Nancy Melitta, in the New York laboratory of the SDSI-CIA, was really hitting her stride now. "Octavius was chosen precisely because we thought he lacked mutant abilities. Even our best scientists couldn't predict the effects of mutancy on a human clone. But—and this is truly fascinating—what if he was a mutant a la Jean Grey of the 'X-Men', a latent telepath and telekinetic?"
Cindy Cypher looked, if anything, thoroughly bored. Melitta had once been a most formidable biologist and genetic engineer; however, that formidable brain was a little too obsessed with its role in Project Octopus. Cypher thought she desperately needed a hobby or boyfriend. "There's no record of Octavius demonstrating any ESP abilities before his laboratory accident. Certainly not in childhood or puberty—"

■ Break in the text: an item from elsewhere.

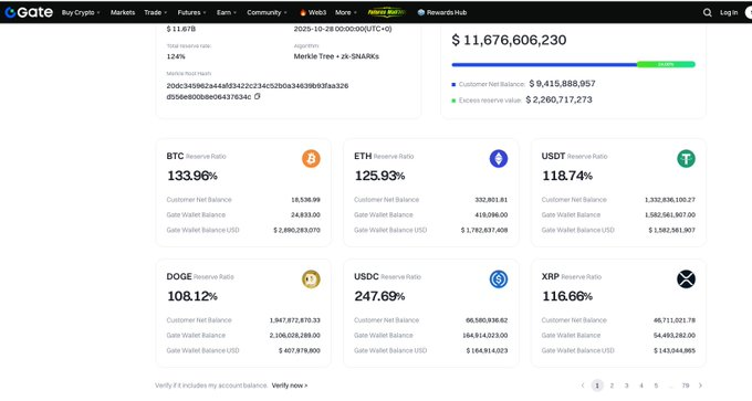 截至10月28日,Gate.io报告的总储备价值为116.76亿美元,储备率124% 。

Melitta was openly disdainful. "That is neither here nor there. Theodore and Mary Octavius are certainly not around to agree with you. Perhaps that accident, his greatest experiment, his magnum opus literally blowing up in his face, was merely the mental shock needed to shake his hidden psychic abilities loose. Perhaps what had been previously called brain damage was merely his brain rewiring itself to facilitate psionic control over the arms."

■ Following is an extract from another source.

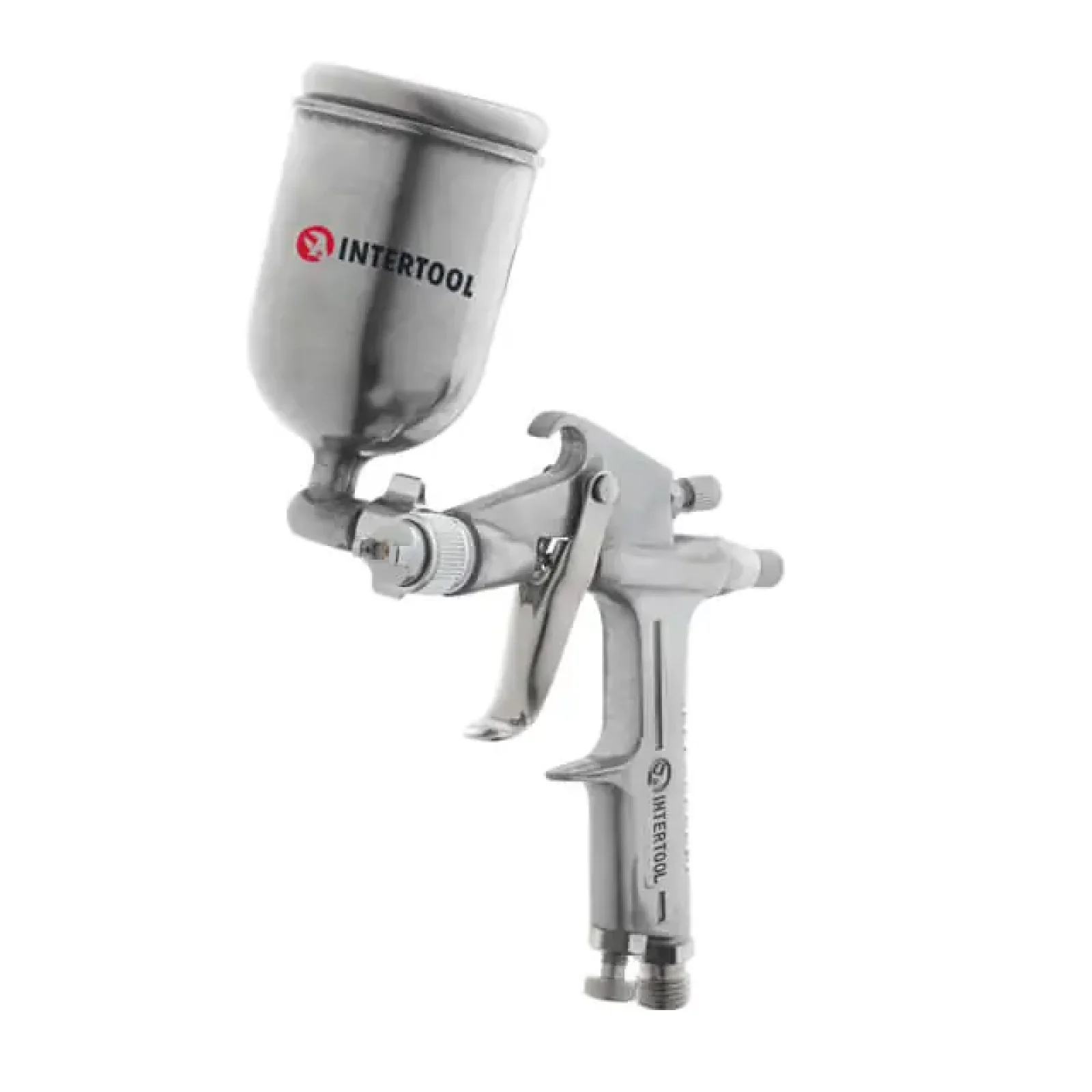 Оснащений бачком, який може змінювати кут нахилу відносно пістолета, що дуже зручно під час роботи у важкодоступних місцях. Повністю металевий корпус пістолета надійний та довговічний, бачок з металу дозволяє використовувати агресивні ЛФМ.

"I don't think Octavius has demonstrated any ESP abilities other than control of his mechanical arms—"
"No. He doesn't. But there have been instances—documented instances, mind you—where this man has been put in prison, his arms surgically removed—and he telepathically—oh let's just say calls them to him, and they breakout of whatever holding box they're being stored in and come to him like a puppy and break their master out of prison! That's how he always escapes! The last instance was when he broke out of the Asylum a couple years ago—"
"Then perhaps it would be wise to melt the tentacles down." Cypher, for all her faults, had an unpleasantly acute ability to cut through anyone's b.s. and get straight to the point.
Melitta was not fazed. "Now if he were to discover his telekinesis wasn't even limited to the tentacles—if that limit was merely a psychological block rather than a physiological block—"
"Spider-Man is pretty much screwed," Cypher acknowledged.
"As is the rest of New York," the Director dryly added.